**Supplied information:**
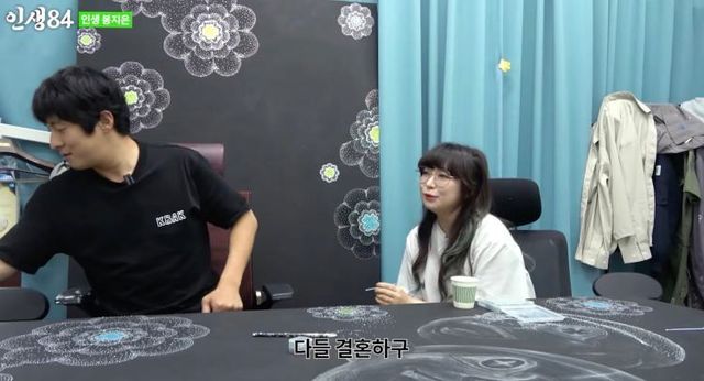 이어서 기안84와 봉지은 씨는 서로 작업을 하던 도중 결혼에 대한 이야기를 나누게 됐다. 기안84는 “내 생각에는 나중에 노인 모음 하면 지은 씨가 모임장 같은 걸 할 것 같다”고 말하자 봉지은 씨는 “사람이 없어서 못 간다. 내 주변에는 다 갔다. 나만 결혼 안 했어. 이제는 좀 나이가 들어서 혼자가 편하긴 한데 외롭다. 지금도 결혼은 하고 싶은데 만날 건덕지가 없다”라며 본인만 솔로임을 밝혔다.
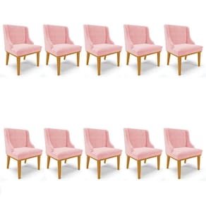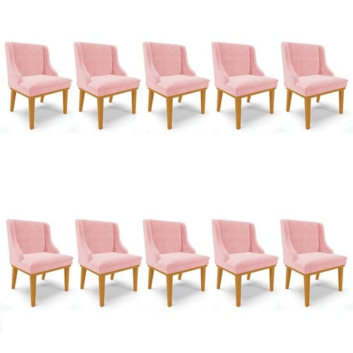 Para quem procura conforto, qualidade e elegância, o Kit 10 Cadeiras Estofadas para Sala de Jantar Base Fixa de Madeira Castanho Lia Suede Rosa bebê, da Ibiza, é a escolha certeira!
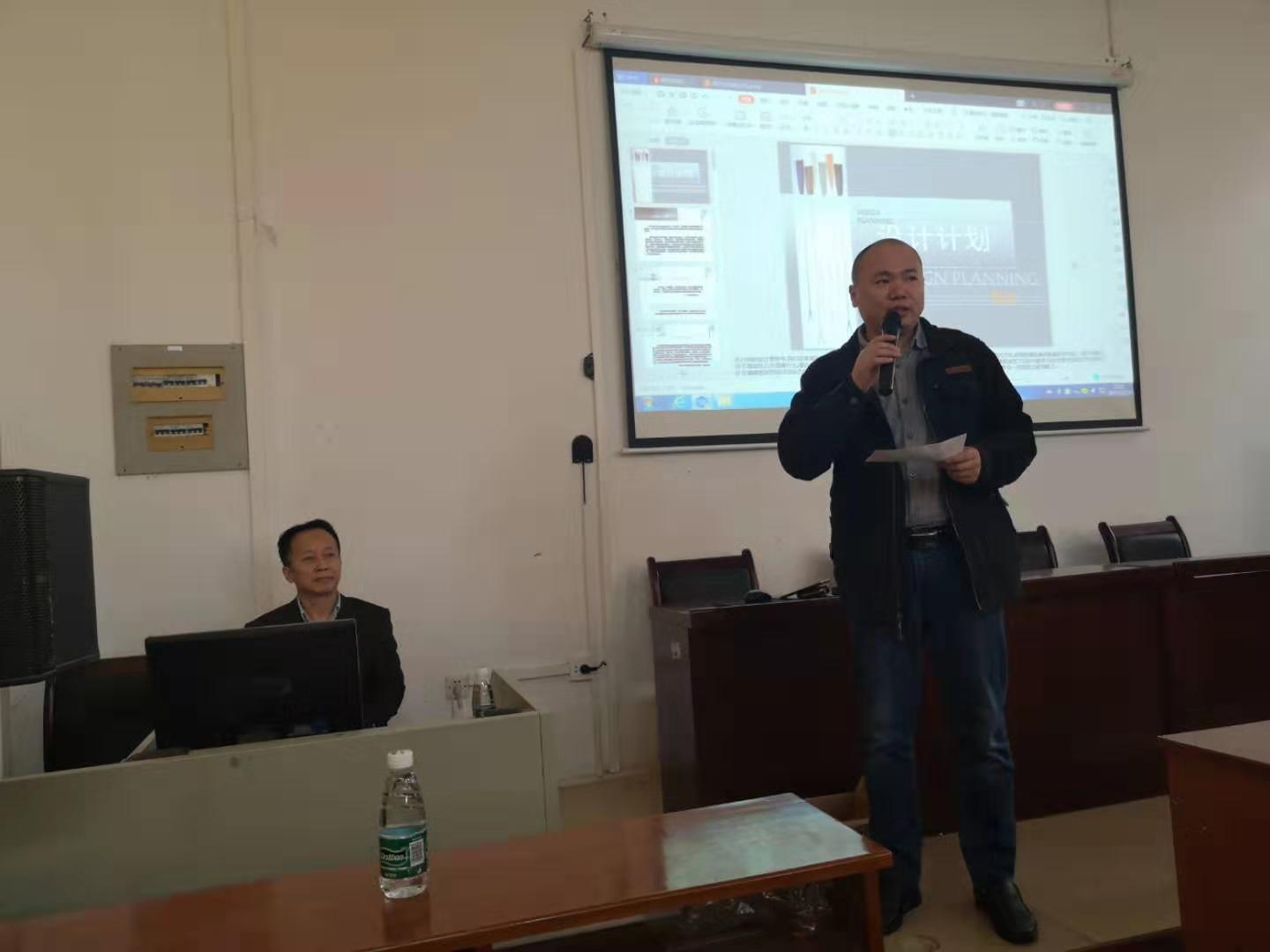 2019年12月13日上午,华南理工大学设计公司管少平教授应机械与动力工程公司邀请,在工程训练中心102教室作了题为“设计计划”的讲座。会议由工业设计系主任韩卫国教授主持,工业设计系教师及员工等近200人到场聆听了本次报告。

* * *

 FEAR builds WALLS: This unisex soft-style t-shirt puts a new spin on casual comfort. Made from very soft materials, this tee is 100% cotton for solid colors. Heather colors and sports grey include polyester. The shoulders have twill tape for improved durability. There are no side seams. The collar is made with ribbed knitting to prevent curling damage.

**Required action:** What to print is the stretch of entries from the line with "이어서 기안84와 봉지은" up to and including the line with "2019年12月13日上午,华南理工大学". Please print it exactly and leave out the pictures.

**Completed exercise:**
 이어서 기안84와 봉지은 씨는 서로 작업을 하던 도중 결혼에 대한 이야기를 나누게 됐다. 기안84는 “내 생각에는 나중에 노인 모음 하면 지은 씨가 모임장 같은 걸 할 것 같다”고 말하자 봉지은 씨는 “사람이 없어서 못 간다. 내 주변에는 다 갔다. 나만 결혼 안 했어. 이제는 좀 나이가 들어서 혼자가 편하긴 한데 외롭다. 지금도 결혼은 하고 싶은데 만날 건덕지가 없다”라며 본인만 솔로임을 밝혔다.
 Para quem procura conforto, qualidade e elegância, o Kit 10 Cadeiras Estofadas para Sala de Jantar Base Fixa de Madeira Castanho Lia Suede Rosa bebê, da Ibiza, é a escolha certeira!
 2019年12月13日上午,华南理工大学设计公司管少平教授应机械与动力工程公司邀请,在工程训练中心102教室作了题为“设计计划”的讲座。会议由工业设计系主任韩卫国教授主持,工业设计系教师及员工等近200人到场聆听了本次报告。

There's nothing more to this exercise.